Content starts
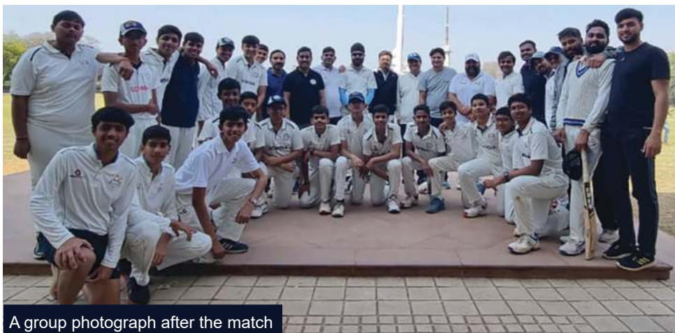
A group photograph after the match

On 18th February 2024, an exciting cricket match took place at Madhav Field, pitting the staff against the students in a friendly competition. The match was
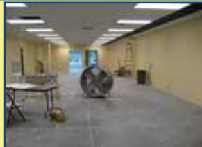
Stage 3: Ceiling and Paint!
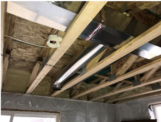
9. Ducted and sealed supply air
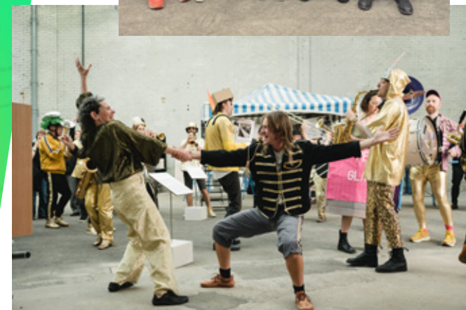
Images: A selection of images from the 2025 Architecture Fringe Festival | Reciprocity - Architectures of Exchange
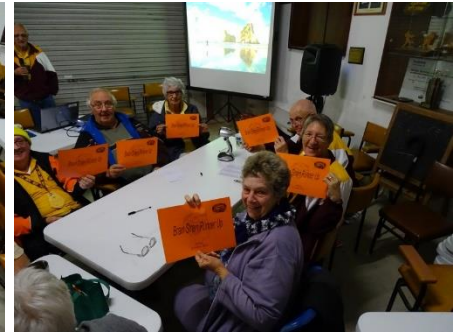
Runners up as well !!

We had an Equine event on the Oval Sunday and they had a canteen set up so heaps of members ,including myself, enjoyed a cooked breakfast for $8.
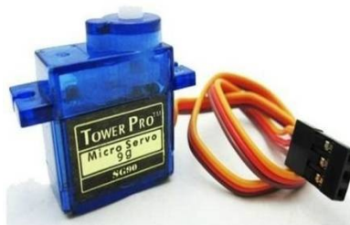
Fig 6. Servo Motor

A servo motor is an electrical device which can push or rotate an object with great precision. It is just made up of simple motor which run through servo mechanism. All motors have three wires coming out of them. Out of which two will be used for Supply (positive and negative) and one will be used for the signal that is to be sent from the MCU. Servo motor is controlled by PWM (Pulse with Modulation) which is provided by the control wires. There is a minimum pulse, a maximum pulse and a repetition rate. Servo motor can turn 90 degree from either direction from its neutral position. The servo motor expects to see a pulse every 20 milliseconds (ms) and the length of the pulse will determine how far the motor turns.
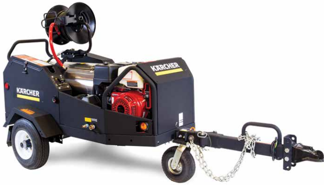
Shown with optional hose reel
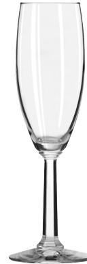
Flute No. 8795 ● 5¾ oz./17.0 cl./170 ml. H7% T1% B2% D2% 1 doz./5# • .54 cu. ft. SCC 574698
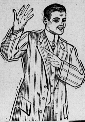
"The Home of Good Hats"
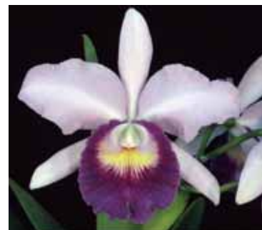
Lc. Blue Dynasty 'Blue &
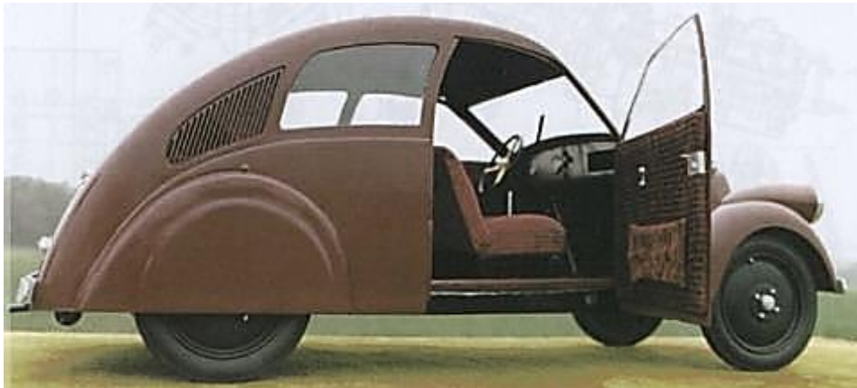
An early Volkswagen Beetle. 1932 Porsche Type 12.

However, the story might have been completely different had it not been for British Army officer Ivan Hirst.
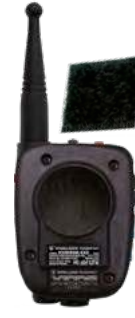
XVMC Velcro® shoulder mount option includes Velcro patch - for best shoulder placement
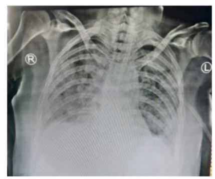
Figure 3. Chest X-ray findings confirmed
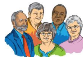
Happy Hearts Senior Group

The Presbyterian Women are holding a stuffed baked potato and salad luncheon in the CFC on Sunday, March 18th , following the Worship Service. Homemade desserts from the Circles will also be provided. A love offering for the activities to beautify the church will be collected. So, please plan to join us for good eats and fellowship!
Content ends
◆ **WHAT TO WORK ON**: Quote only the lines that start at the line holding "An early Volkswagen" and end at the last line of the entries, including both of those lines, and omit every picture.

◆ **SOLUTION TO THIS TASK**:
An early Volkswagen Beetle. 1932 Porsche Type 12.

However, the story might have been completely different had it not been for British Army officer Ivan Hirst.
XVMC Velcro® shoulder mount option includes Velcro patch - for best shoulder placement
Figure 3. Chest X-ray findings confirmed
Happy Hearts Senior Group

The Presbyterian Women are holding a stuffed baked potato and salad luncheon in the CFC on Sunday, March 18th , following the Worship Service. Homemade desserts from the Circles will also be provided. A love offering for the activities to beautify the church will be collected. So, please plan to join us for good eats and fellowship!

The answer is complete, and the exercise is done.